[Data segment]:
====

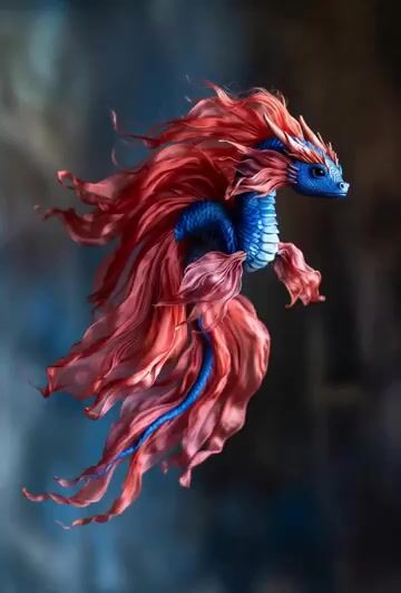 A Grok Imagine prompt for a silk dragon with blue scales, red hair, and flowing silk fins, inspired by the appearance of a beta fish.
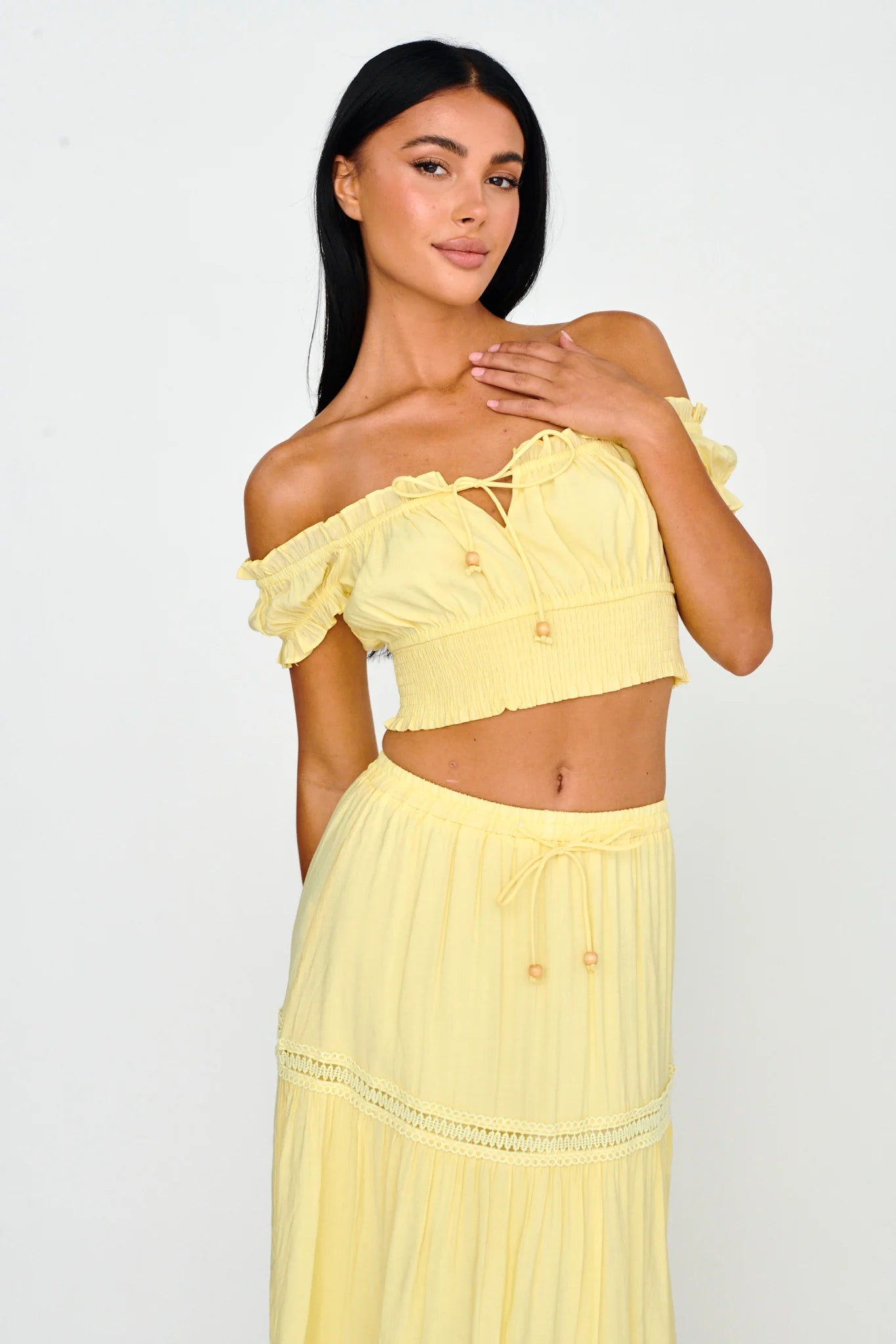 Float on by in our pretty Canyon Cove crop top. Featuring shirring in the waist and puff sleeves, it's perfect for Sunday brunch with your besties. Team it with its matching maxi skirt and sandals for a breezy, boho look we are loving.
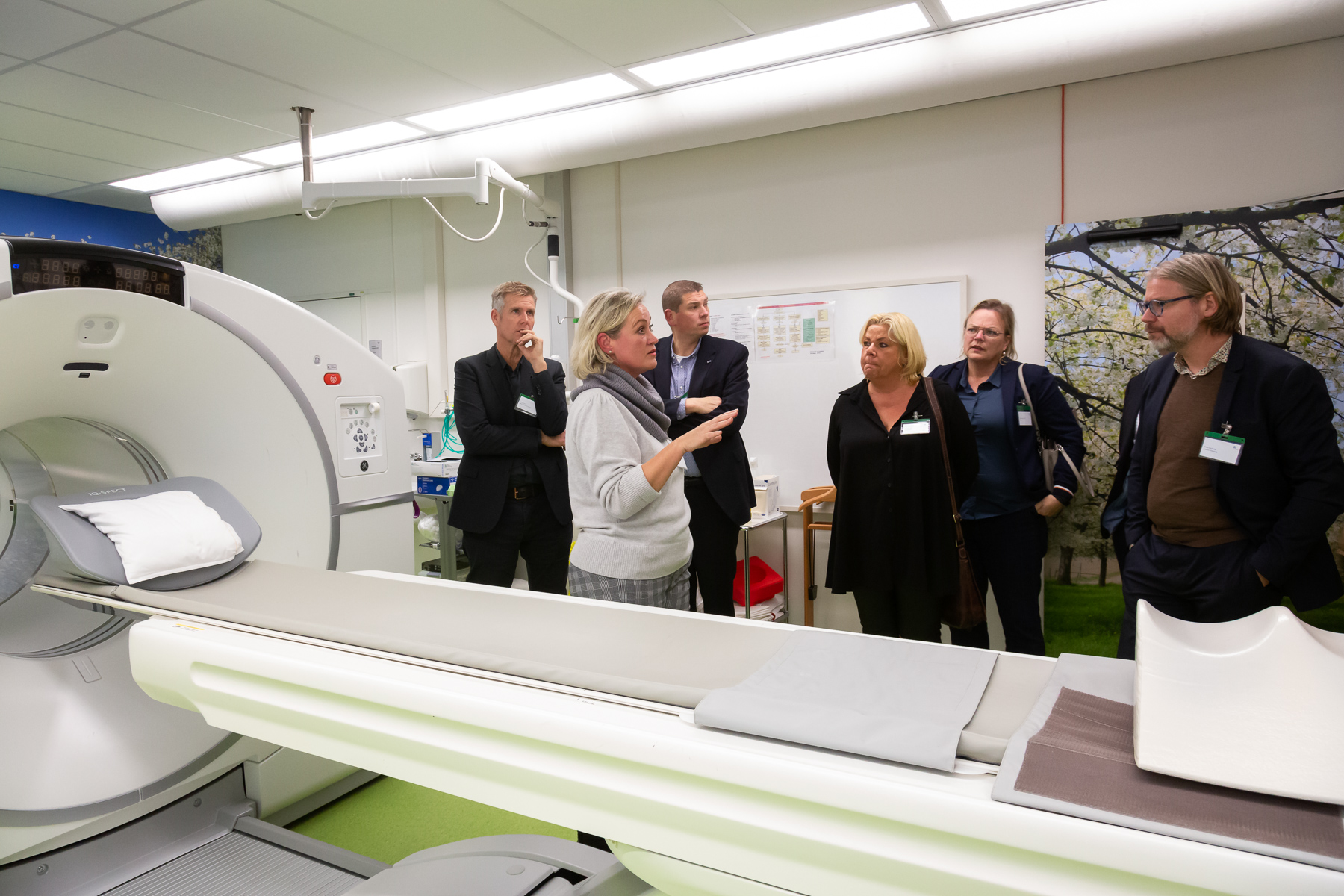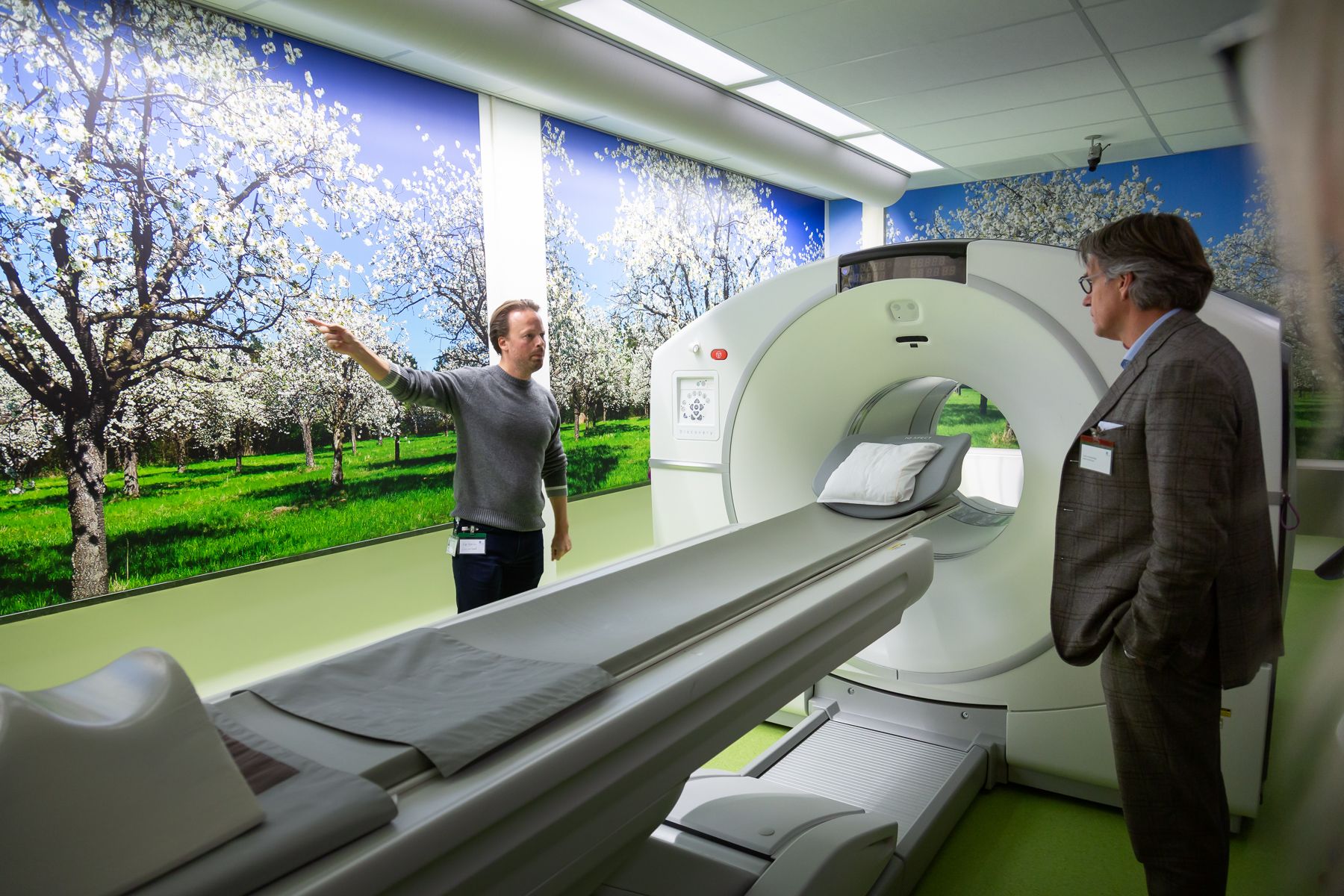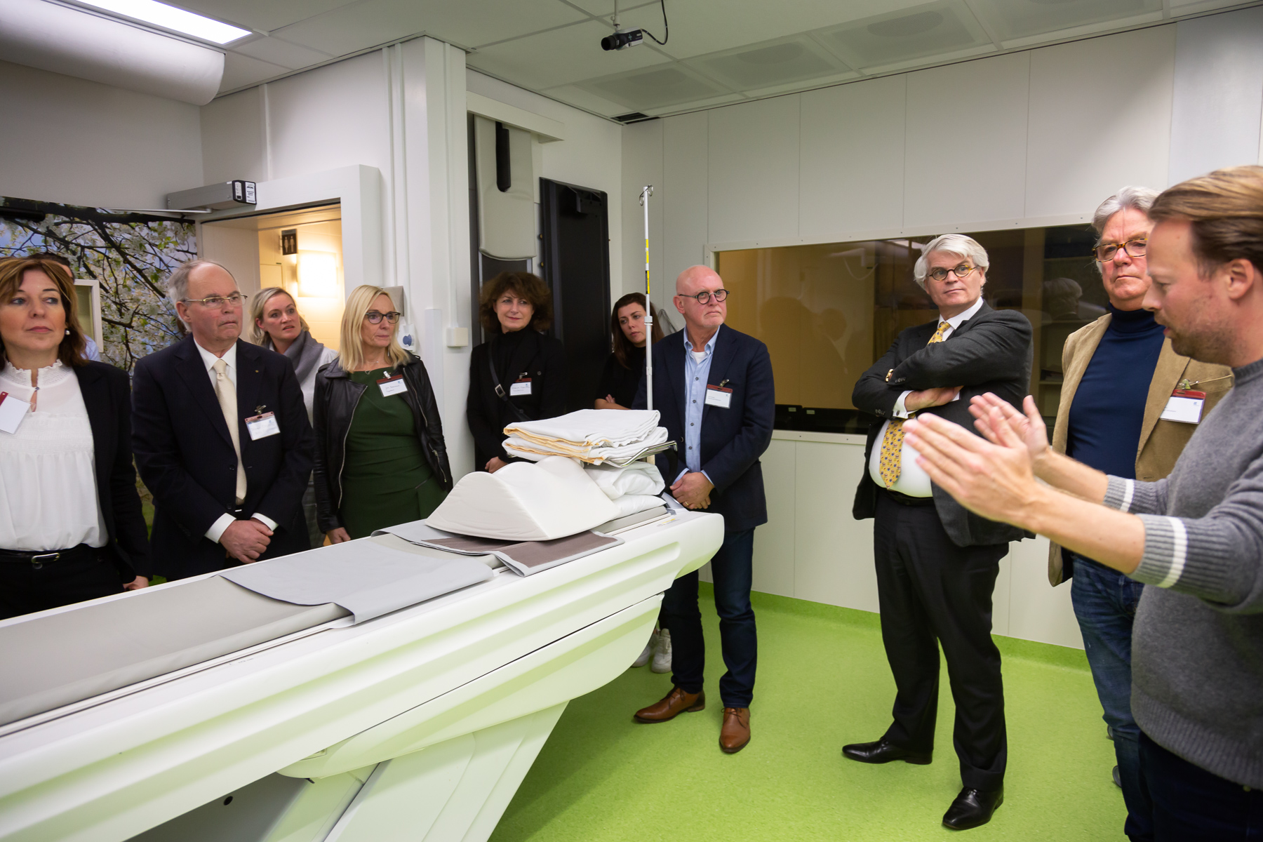 Hoe werkt een PET/CT-scan precies? Ook dat krijgen bezoekers van de Zuyderland Businessclub haarfijn uitgelegd op de afdeling Nucleaire geneeskunde. De patiënt krijgt via een prikje in de arm een kleine dosis radioactieve stof toegediend zoals glucose. Vervolgens maakt de PET/CT-scan foto’s, vaak om (uitzaaiingen van) kanker op te sporen of infecties. Dat werkt als volgt: kanker- en ontstekingscellen slurpen glucose. Door deze foto’s te beoordelen op een afwijkende glucose-consumptie worden de kankercellen en infecties opgespoord. Radioactieve stoffen worden ook gebruikt om aandoeningen te behandelen. Als voorbeeld behandelt de afdeling botuitzaaiingen bij patiënten met prostaatkanker.

====

[Problem]: Leave the pictures out and output the rest of the listing exactly.

[Task result]:
 A Grok Imagine prompt for a silk dragon with blue scales, red hair, and flowing silk fins, inspired by the appearance of a beta fish.
 Float on by in our pretty Canyon Cove crop top. Featuring shirring in the waist and puff sleeves, it's perfect for Sunday brunch with your besties. Team it with its matching maxi skirt and sandals for a breezy, boho look we are loving.
 Hoe werkt een PET/CT-scan precies? Ook dat krijgen bezoekers van de Zuyderland Businessclub haarfijn uitgelegd op de afdeling Nucleaire geneeskunde. De patiënt krijgt via een prikje in de arm een kleine dosis radioactieve stof toegediend zoals glucose. Vervolgens maakt de PET/CT-scan foto’s, vaak om (uitzaaiingen van) kanker op te sporen of infecties. Dat werkt als volgt: kanker- en ontstekingscellen slurpen glucose. Door deze foto’s te beoordelen op een afwijkende glucose-consumptie worden de kankercellen en infecties opgespoord. Radioactieve stoffen worden ook gebruikt om aandoeningen te behandelen. Als voorbeeld behandelt de afdeling botuitzaaiingen bij patiënten met prostaatkanker.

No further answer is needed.